Using cvs2svn. Conversion took about three days, phase 1-7 one day and
phase 8 about 2.5 days.

>
> How did you complete the cvs to svn conversion?  I am reading that it
> is not completing for you using cvs2svn.  So I am curious how you
> arrived at the above data point.

cvs2svn finished without problem. what won't finish is git-svnimport.
I wanted to compare the results of git-cvsimport with the results from
taking a trip through subversion.

>
> > Same repository in git is 680MB
>
> How was this conversion done?  Using git-cvsimport?

cvsimport, another person has done this but we did it at the same
time.. cvsimport needs 2GB+ physical RAM or it swaps to death. The
extra RAM I ordered just came today so I can try it for myself.

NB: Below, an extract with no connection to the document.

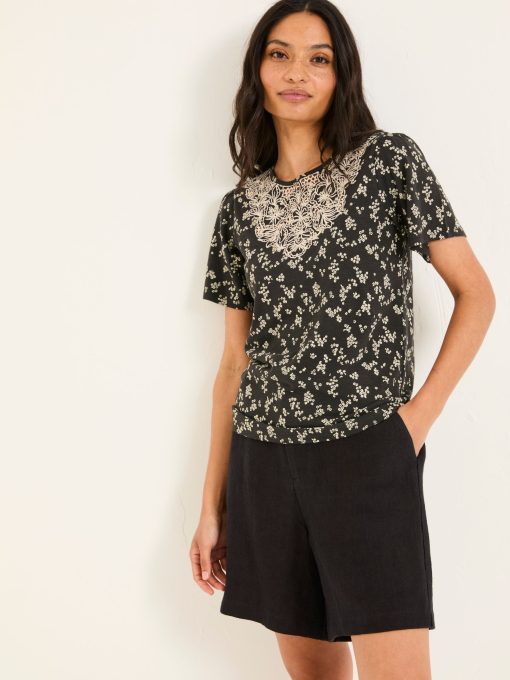 A fresh take on classic. Our Leoni mono ditsy t-shirt features a delicate patterned embroidery stitched across the front beautifully complemented by a subtle floral print. The perfect amount of texture and print that adds character to this everyday staple. Soft, breathable, and easy to wear its perfect for coffee runs, casual days out – effortlessly pairing with your favourite denim or go-to skirt.Model is 5’9”/175cm and wears UK size 8
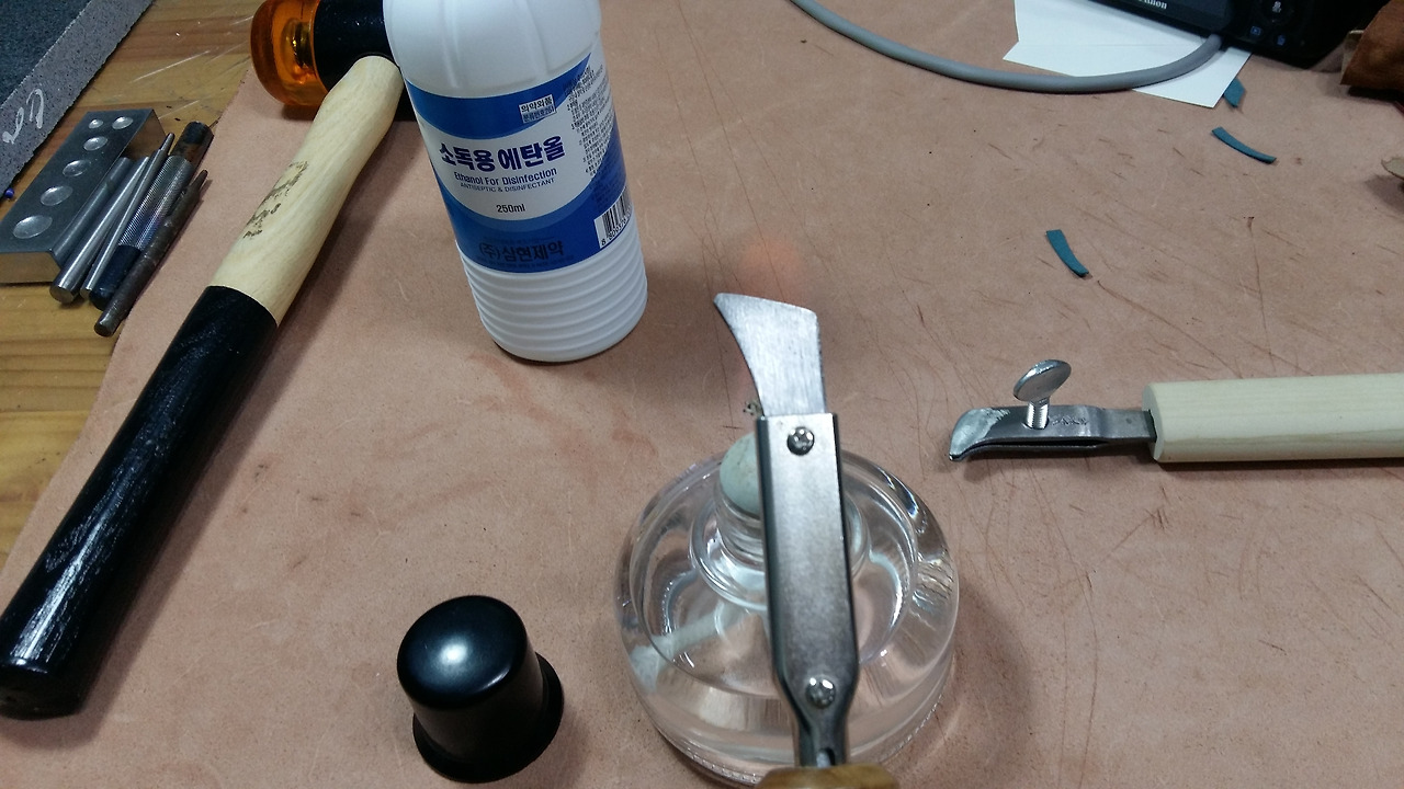 생각해 보면, 예전에는 이렇게 쇠 인두를 직접 불에 달궈서 가죽에 크리징을 했을 것입니다.

It took about three days for cvsimport to finish too.

>
> Bob
>


-- 
Jon Smirl
jonsmirl@gmail.com

---------------------------------------------------------------------
To unsubscribe, e-mail: users-unsubscribe@subversion.tigris.org
For additional commands, e-mail: users-help@subversion.tigris.org

Re: Huge number of rev files in in svn repository

Posted by Bob Proulx <bo...@proulx.com>.
Jon Smirl wrote:
> Another interesting tidbit.

Interesting data points indeed.  But how was the conversion accomplished?

> Mozilla CVS is 3.0GB
> Same repository in svn is 8.2GB

How did you complete the cvs to svn conversion?  I am reading that it
is not completing for you using cvs2svn.  So I am curious how you
arrived at the above data point.

> Same repository in git is 680MB

How was this conversion done?  Using git-cvsimport?

Bob

---------------------------------------------------------------------
To unsubscribe, e-mail: users-unsubscribe@subversion.tigris.org
For additional commands, e-mail: users-help@subversion.tigris.org

Re: Huge number of rev files in in svn repository

Posted by Jon Smirl <jo...@gmail.com>.
Another interesting tidbit.

Mozilla CVS is 3.0GB
Same repository in svn is 8.2GB
Same repository in git is 680MB

git does deltas and then compresses the deltas all into one giant
680MB file. New commits are stored in collections of single files
until the repository is packed again.

I suspect svn is large because it is using 450K files each of which
has a minimum allocation size in ext3. CVS only uses 117K files.
Packed git uses less than 5,000.

-- 
Jon Smirl
jonsmirl@gmail.com

---------------------------------------------------------------------
To unsubscribe, e-mail: users-unsubscribe@subversion.tigris.org
For additional commands, e-mail: users-help@subversion.tigris.org

Re: Huge number of rev files in in svn repository

Posted by Jon Smirl <jo...@gmail.com>.
On 6/12/06, Garrett Rooney <ro...@electricjellyfish.net> wrote:
> On 6/12/06, Jon Smirl <jo...@gmail.com> wrote:
> > On 6/12/06, Garrett Rooney <ro...@electricjellyfish.net> wrote:
> > > Nobody has implemented this because nobody has needed to yet.  There
> > > are numerous repositories as large or larger than the one you're
> > > talking about that operate at perfectly reasonable speeds.  On the
> > > other hand, it's not like the standard use case is "extract every
> > > single revision", so you may be hitting a bit of functionality that
> > > isn't quite in the usual use case.  If you have a need to speed this
> > > up, perhaps you can work on a patch to add this functionality to
> > > libsvn_fs_fs.
> >
> > It may be more deep than just the number of files in the repository.
> > My Mozilla SVN has changes from 1998 to 2006. My export of the early
> > years went fairly quickly. In 2002 it started getting slower, and I
> > have been stuck in 2003 for over 24hrs. It is making forward progress
> > but the progress is getting slower and slower.
>
> Interesting.  Some profiling data on that would be quite useful...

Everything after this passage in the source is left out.